# Escapologist - help, please!



## denflo (Apr 29, 2011)

Hello, has anyone got any suggestions as to how I can keep my horse in its field? 
She is a 15hh Dales who doesn't like being on her own. I always ensure that she is never left alone in her field, there is always at least one other horse with her. The problem is, her best friend has started to be brought in at night for a while and she can't cope with it. This morning she was in a totally different field to where I had left her. I put up a 5ft electric fence some time ago which seemed to work for a while. It is plugged in to the mains, so it hurts! She has now learnt how to jump it.  I can't put her in her stable at night as the block where hers is consists of three, the other two horses are out, so that won't solve the problem either. In the past she has pulled fencing down in her desparation to be somewhere else, I really don't want this to happen as she will then allow all the others to escape as well. Has anyone got any other ideas?


----------



## Maz3643 (May 15, 2011)

Hi..
Is there any chance you can change your routine if only temporary to avoid her stressing out..it must be hard as we all have our own routines and try to look after our horses in a way that suits us..its difficult if she still does it even with another horse in the field as that defeats the whole "herd" aspect..maybe a bond will grow in time with the other horse?..I hope you can resolve the problem...a trickey one!
Maz


----------



## ShakeyJakey (Aug 25, 2010)

put another horse in with her if you can. horses are naturally meant to be in a herd not alone


----------



## NoSpecialFeaturesHere (Nov 23, 2008)

No chance anyone would be willing to swap stables with you so your mare can be close to her friend? 

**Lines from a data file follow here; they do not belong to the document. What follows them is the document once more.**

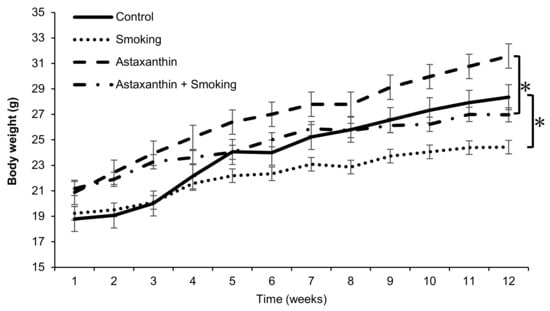 Chicago/Turabian StyleKubo, Hiroaki, Kazuhisa Asai, Kazuya Kojima, Arata Sugitani, Yohkoh Kyomoto, Atsuko Okamoto, Kazuhiro Yamada, Naoki Ijiri, Tetsuya Watanabe, Kazuto Hirata, and et al. 2019. "Astaxanthin Suppresses Cigarette Smoke-Induced Emphysema through Nrf2 Activation in Mice" Marine Drugs 17, no. 12: 673. https://doi.org/10.3390/md17120673
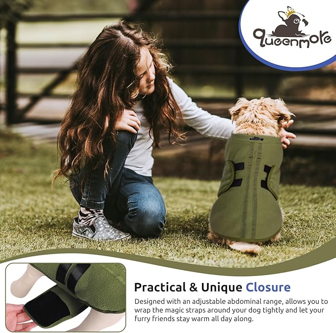 Queenmore XXS Dog Sweaters, Soft Fleece Vest Pullover Dog Jacket with Leash Hole, Warm Winter Dogs Clothes Cold Weather Doggy Dachshund Sweater for Small Dogs Cats Boy or Girl (Army Green, XXS)
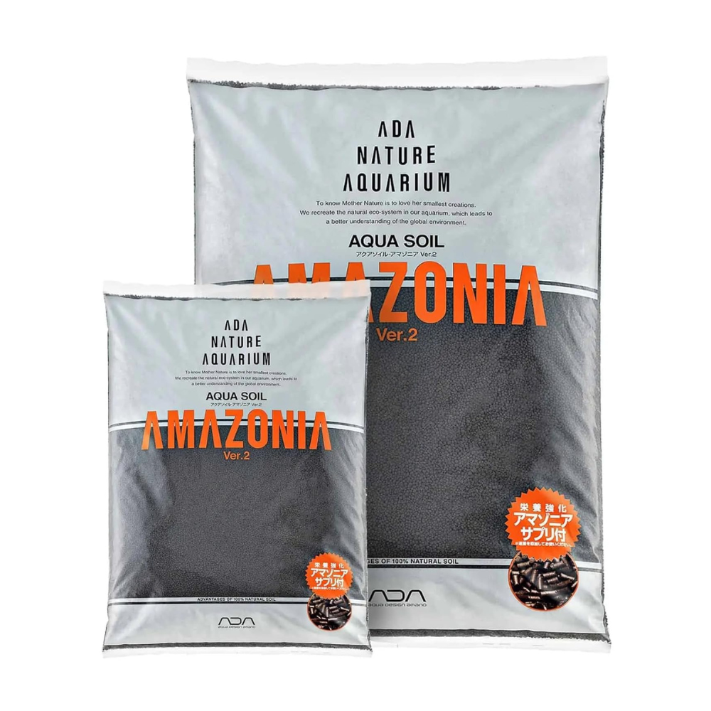 - Aqua Soil Amazonia Ver 2 uses black soil for a raw material and it stands out against the leaf color of aquatic plants, and also includes Amazonia Supplement to enrich nutrients
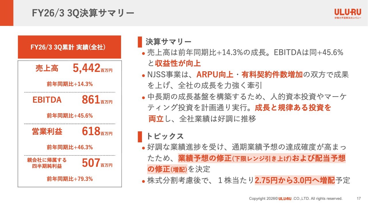 また、株主還元にも力を入れています。配当性向15パーセントを目安に方針を公表していますが、業績が好調なため、1株当たり2.75円だった配当を3円に増配する予定です。
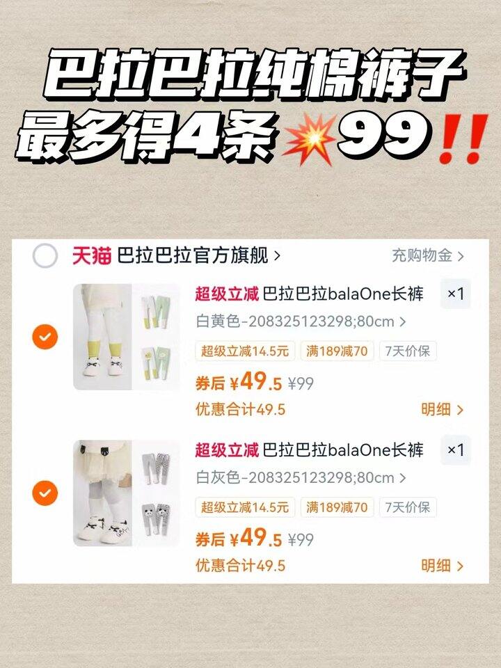 巴拉巴拉纯棉裤子💰24.7
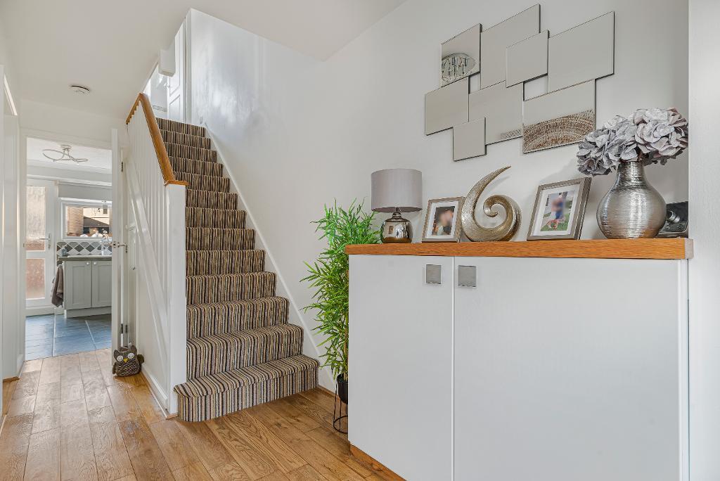 double glazed window to front: built-in cupboard also housing meters: stairs to first floor: under stairs storage cupboard: wood flooring: doors to:-
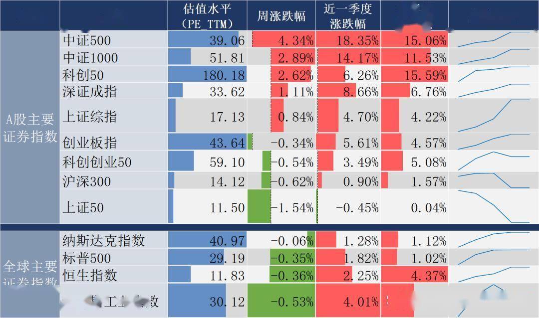 上周市场整体走高,但各大指数表现分化。其中中证500、科创50等指数涨幅领跑,沪深300、上证50却小幅走低。 中信行业板块方面:建材、石油石化、钢铁指数涨幅居前;银行、通信、食品饮料指数跌幅居前。 | | | 估值水平 (PE TTM) | 周涨跌幅 | 近一李度 涨跌幅 | | | --- | --- | --- | --- | --- | --- | | A股主要 | 中证500 | 39. 06 | 4. 34% | 18. 35% | 15.06% | | | 中证1000 | 51.81 | 2. 89% | 14.17% | 11. 53% | | | 科创50 | 180. 18 | 2. 62% | 6. 26% | 15. 59% | | | 深证成指 | 33. 62 | 1. 11% | 8. 66% | 6. 76% | | | 上证综指 | 17.13 | 0. 84% | 4. 70% | 4.22% | | 证券指数 | 创业板指 | 43. 64 | -0. 34% | 5.61% | 4. 57% | | | 科创创业50 | 59. 10 | 0. 54% | 3. 49 ...
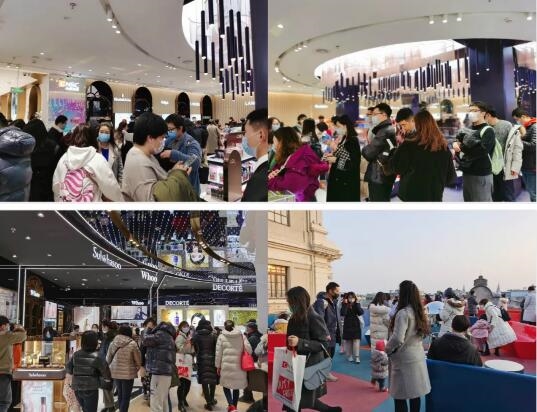新老顾客购物热情高涨,店内各品牌专柜前纷纷排起长队
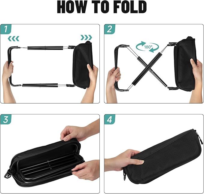 - [Handbag storage design] The portable stool has a unique handbag storage, which is only 12.6*4.7IN after storage. It can be easily put into pockets, backpacks, handbags, etc., and travel light.
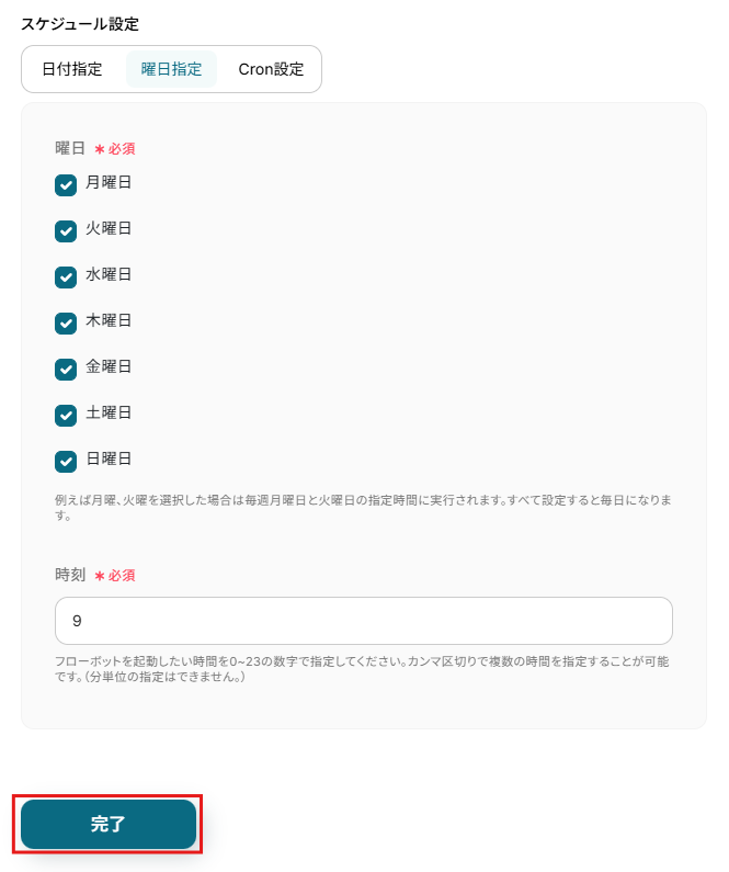 実行したいスケジュールに合わせて間隔や日時などを設定し、「完了」をクリックしてください。

I can relate. My boy is so attached to the two mares he lives with that our routine always has to be decided by whatever those two are doing.  It's a pain sometimes. Those two had to stay in all week last week, so of course he had to stay in with them, because he was too much of a big giant wussy pants to go out without them. 

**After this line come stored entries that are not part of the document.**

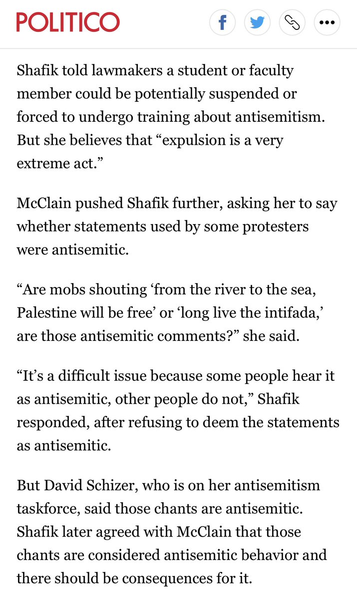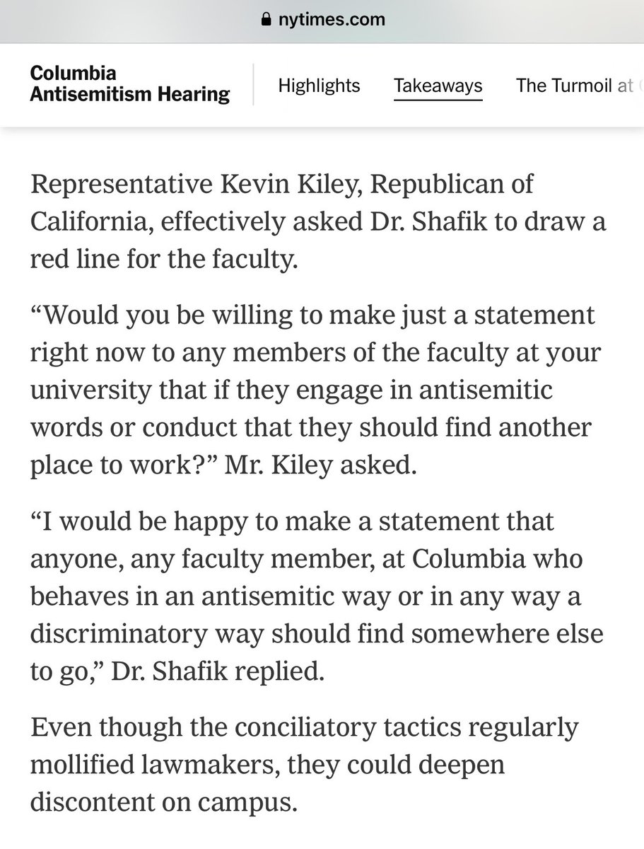 今天的众议院听证会上,哥伦比亚大学校长向共和党众议员保证,如果哥伦比亚大学教授有反犹主义言行就会被开除。《巴勒斯坦百年战争》作者Khalidi就是哥伦比亚大学讲席教授,以色列支持者一直指控该书是反犹主义,他要被开除吗?据称接下来共和党议员要传讯伯克利校长。看看他会怎么捍卫师生的言论自由 https://t.co/A8g8adHAna
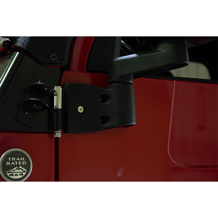 Our door hinge for your 2003-2006 TJ is polished to a mirror finish and supports mounting of your OEM or factory style mirrors.
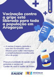 A Prefeitura de Aragarças, por meio da Secretaria Municipal de Saúde e da Coordenação de Vigilância Epidemiológica, informa que a vacina contra a gripe (Influenza, incluindo o subtipo H1N1) agora está disponível para toda a população, e não apenas para os grupos prioritários.
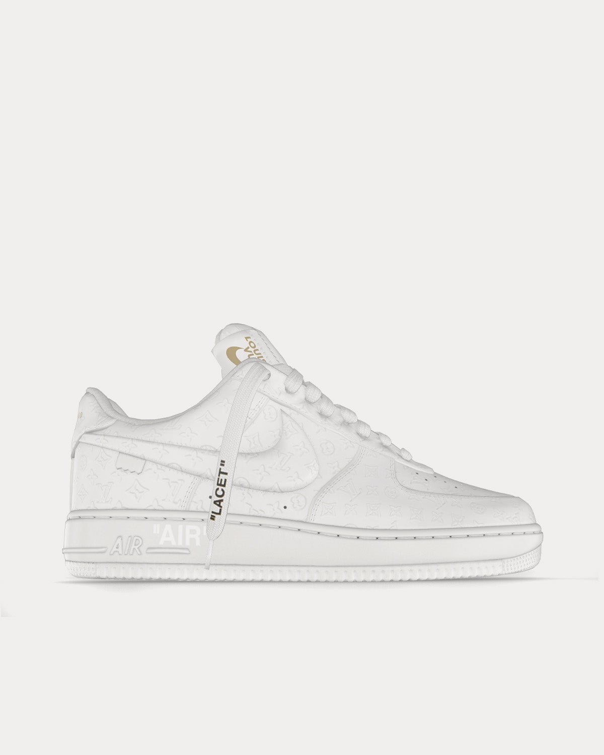À l’occasion du 40e anniversaire de la Nike Air Force 1, Virgil Abloh a réinterprété cette basket emblématique dans des matières emblématiques de Louis Vuitton, présentant ses créations lors du défilé Homme Printemps-Été 2022. Cette version basse est confectionnée en cuir de veau blanc souple, estampé du motif Monogram. La collection Louis Vuitton et Nike « Air Force 1 » par Virgil Abloh est confectionnée dans l’usine de fabrication de chaussures Louis Vuitton de Fiesso d’Artico, en Italie.
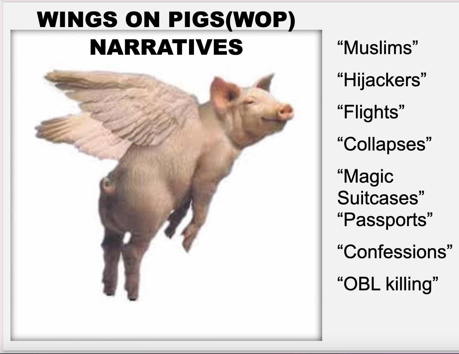What is the official story? "Muslim hijackers hijacked flights that smashed into buildings, causing collapses. And we know this because we found evidence in Mohammad Atta's two magic suitcases that just showed up, along with the KSM torture testimony." That's the whole basis of the story! "We have these passports showing up in the rubble at two of the crash sites. We have these tortured-KSM confessions. And we have this wings-on-pigs narrative of the Osama bin Laden killing." This is a ludicrous fantasy that wouldn't pass muster with the people who are employed to check the realistic elements in Hollywood scripts.
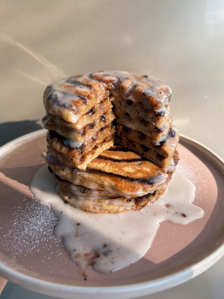 - For the cream cheese glaze, stir the ingredients together in a small bowl until smooth. Drizzle over the pancakes and enjoy!

...Really wish I could think of something to help, but eeeek. Tough situation.

Horses do get really attached to their friends. It's sad to me that some people don't care about that, and just split them up all the time sending them from home to home. Must really hurt them to have to leave their friends behind, poor things. 

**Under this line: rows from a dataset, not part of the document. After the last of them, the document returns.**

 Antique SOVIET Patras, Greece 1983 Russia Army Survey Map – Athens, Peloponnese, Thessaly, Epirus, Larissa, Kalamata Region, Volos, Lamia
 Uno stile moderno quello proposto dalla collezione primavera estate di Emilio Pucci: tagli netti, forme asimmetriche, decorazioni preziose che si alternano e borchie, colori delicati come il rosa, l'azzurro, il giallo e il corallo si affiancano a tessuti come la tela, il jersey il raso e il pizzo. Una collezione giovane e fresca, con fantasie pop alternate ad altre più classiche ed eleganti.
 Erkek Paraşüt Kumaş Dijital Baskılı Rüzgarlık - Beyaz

Anyways, I hope you work something out soon. Good luck! x


----------



## jenny22 (Feb 13, 2011)

I can relate also, we have a min shetland with our welsh/fell mare and they wont be seperated, they have got to the stage where they can be the other end of the field from each other but you cant take one out without the other and the shetland is typical and can be an escapalogist and gets into the little supposed fenced off paddock, this is wire strands and she puts one foot on the bottom one and her head under the next one and pushed her way through, the other used to race around the field yelling. we had a highland once on loan for one day as he was used to more space than we had at the time and he tried to escape so he went back asap.


As said could you not swap stables with someone so he could be in at night with his friend, they do get attached to each other, ours have been with each other for close on 10 years

jenn


----------



## denflo (Apr 29, 2011)

Thanks all for your replies - it's good to know I am not the only one to have these problems!!! She seems to be forming a bit of a bond with the other horse in the field with her now so for about a week there hasn't been any issues, it's just a bit of a pain to have to be reliant upon other people (and horses) all the time and fitting in with them. Since my posting though, she has removed and snapped a few wooden fence posts out of the ground! I asked Monty Roberts about this once and his response was that I should put up a 7ft fence and if she jumped that, he'd buy her, other than that it was a lost cause!!! If there was anyone I didn't want to hear that from, it was him!! 

Thanks again everyone! I guess it's something I'll just have to put down to her being 'just a horse'!!!!  However, any more ideas will always be gratefully received! x


----------